ReferenceInfra

Monitoring

View as Markdown

NeMo Curator supports integration with Prometheus and Grafana, the industry-standard open-source monitoring stack.

Prometheus is a time-series database and monitoring system that:

  • Collects metrics from your pipeline at regular intervals (for example, every 15 seconds).
  • Stores metrics like CPU usage, GPU memory, worker counts, and task throughput.
  • Provides a query language (PromQL) to aggregate and analyze metrics.
  • Runs as a standalone service that scrapes metrics exposed by Curator workers.

Grafana is a visualization platform that:

  • Connects to Prometheus as a data source.
  • Displays metrics in customizable dashboards with graphs, gauges, and alerts.
  • Provides real-time views of your pipeline’s health and performance.
  • Allows you to set up alerts (for example, notify when GPU memory exceeds 90%).

How They Work Together:

  1. Curator workers expose metrics in a format Prometheus understands.
  2. Prometheus periodically scrapes these metrics and stores them.
  3. Grafana queries Prometheus and displays the data in dashboards.
  4. You view the dashboards to monitor your pipeline in real time and historically.

Key Metrics to Monitor

When running production pipelines, track these critical metrics:

  • CPU Memory Usage: Total RAM consumption across workers to prevent out-of-memory errors.
  • GPU Memory Usage: VRAM consumption per GPU for model-based stages (classifiers, embedders).
  • Worker Count: Number of active workers per stage to verify proper scaling.
  • Task Throughput: Documents or batches processed per second to measure pipeline efficiency.
  • Stage Latency: Time spent in each pipeline stage to identify bottlenecks.
  • Error Rates: Failed tasks or worker crashes to detect stability issues.

Setting Up Monitoring

NeMo Curator provides a built-in script to download, configure, and start Prometheus and Grafana. When RayClient starts, it automatically registers Ray’s metrics with the running Prometheus instance.

1. Start Prometheus and Grafana

On the head node, run the setup script before starting your pipeline:

$python -m nemo_curator.metrics.start_prometheus_grafana

This downloads Prometheus and Grafana binaries, writes configuration files, starts both services, and auto-generates Ray dashboards (default, data, serve, and serve-deployment).

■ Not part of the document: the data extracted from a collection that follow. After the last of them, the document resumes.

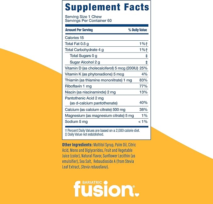 - Premium Bariatric Calcium Citrate Formulation: Each Bariatric Fusion bariatric calcium chew contains 500mg of Calcium Chews with Vitamin D, Vitamin K, and Magnesium; all of which are essential for optimum bone health. Ideal Calcium Chewables for women and men.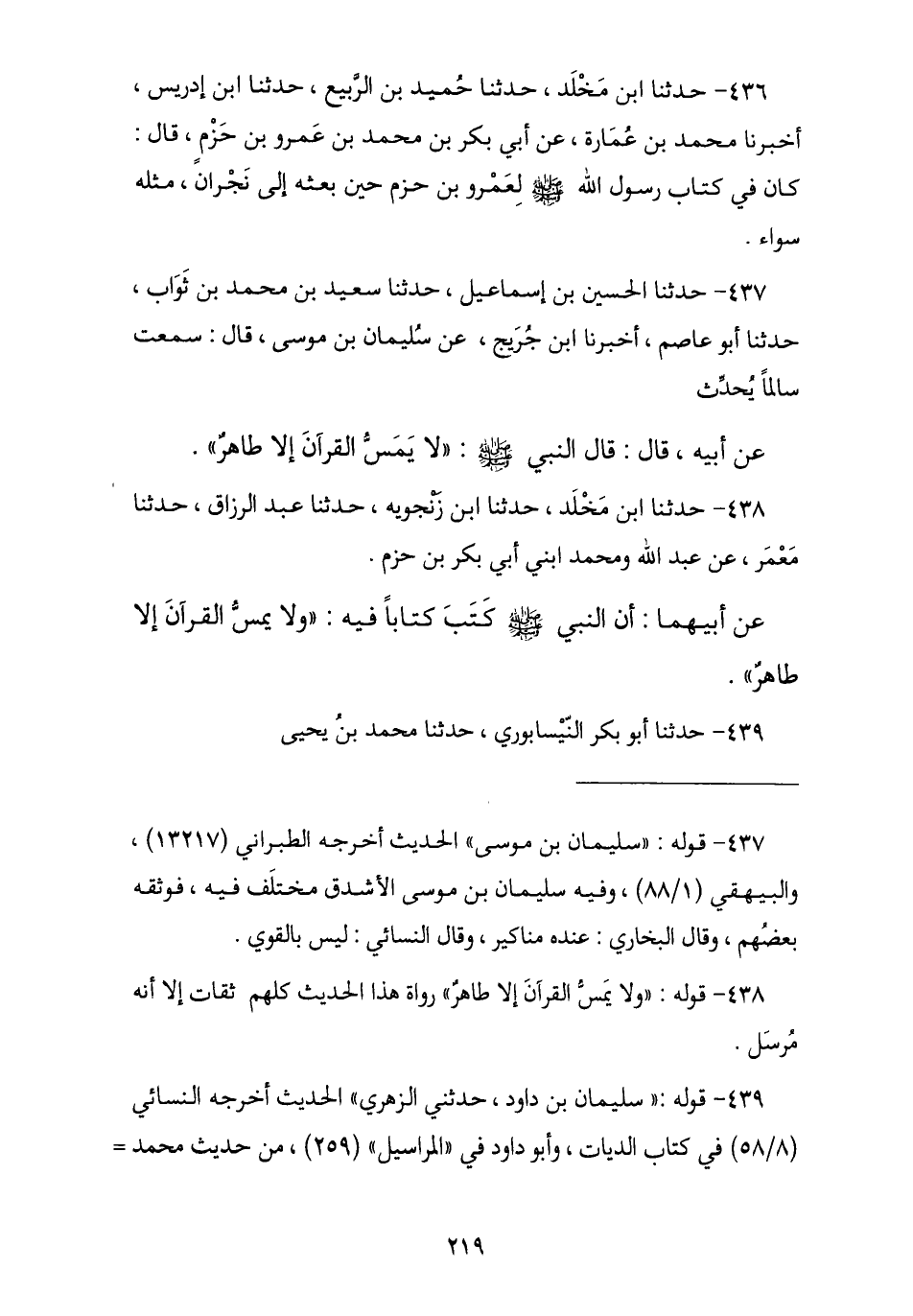 439 - حَدَّثَنَا أَبُو بَكْرٍ النَّيْسَابُورِيُّ , نا مُحَمَّدُ بْنُ يَحْيَى , -[220]- ح وَثنا الْحُسَيْنُ بْنُ إِسْمَاعِيلَ , نا إِبْرَاهِيمُ بْنُ هَانِئٍ , قَالَا: نا الْحَكَمُ بْنُ مُوسَى , نا يَحْيَى بْنُ حَمْزَةَ , عَنْ سُلَيْمَانَ بْنِ دَاوُدَ , حَدَّثَنِي الزُّهْرِيُّ , عَنْ أَبِي بَكْرِ بْنِ مُحَمَّدِ بْنِ عَمْرِو بْنِ حَزْمٍ , عَنْ أَبِيهِ , عَنْ جَدِّهِ , أَنَّ رَسُولَ اللَّهِ صَلَّى اللهُ عَلَيْهِ وَسَلَّمَ كَتَبَ إِلَى أَهْلِ الْيَمَنِ كِتَابًا فَكَانَ فِيهِ: § «لَا يَمَسَّ الْقُرْآنَ إِلَّا طَاهِرٌ»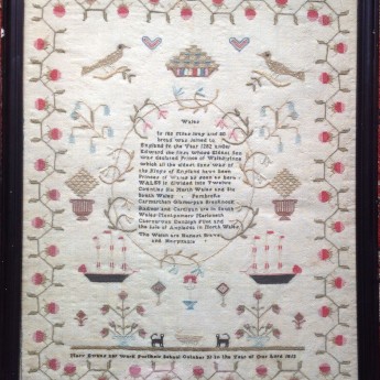 A Welsh sampler serving not only as a lesson in stitching for young Mary Evans but also as a geography and history lesson combined. Mary was a pupil at Pwllhely School (spelled Pwllheli nowadays) in north-west Wales and she completed her task on the last day of October 1812.

By default, the script stores metrics data in a per-user directory (/tmp/nemo_curator_metrics_{uid}). To specify a custom location, use --metrics_dir:

$python -m nemo_curator.metrics.start_prometheus_grafana --metrics_dir /shared/metrics/user_a

You can also customize ports:

$python -m nemo_curator.metrics.start_prometheus_grafana \
> --prometheus_web_port 9090 \
> --grafana_web_port 3000 \
> --metrics_dir /shared/metrics/user_a

2. Configure RayClient

Pass the same metrics_dir to RayClient so it can locate the running Prometheus instance and register Ray’s service discovery:

1from nemo_curator.core.client import RayClient
2
3ray_client = RayClient(
4 include_dashboard=True,
5 metrics_dir="/shared/metrics/user_a" # Must match --metrics_dir from step 1
6)
7ray_client.start()

When RayClient.start() runs, it checks whether Prometheus and Grafana are running (through PID files in metrics_dir) and, if so, adds Ray’s metrics service discovery to the Prometheus configuration. When RayClient.stop() runs, it removes the service discovery entry automatically.

SLURM clusters: The metrics_dir passed to RayClient must match the --metrics_dir used when starting Prometheus and Grafana. Similarly, the ray_temp_dir must match the temp_dir used when starting the Ray cluster.

Multi-User Clusters

On shared clusters, each user can run an isolated monitoring stack by specifying a unique metrics_dir. Each instance tracks its own Prometheus and Grafana processes through PID files, so multiple users can monitor their pipelines independently on the same node.

Stopping Monitoring Services

To stop Prometheus and Grafana, use the PID files written to your metrics directory:

$kill $(cat /shared/metrics/user_a/prometheus.pid)
$kill $(cat /shared/metrics/user_a/grafana.pid)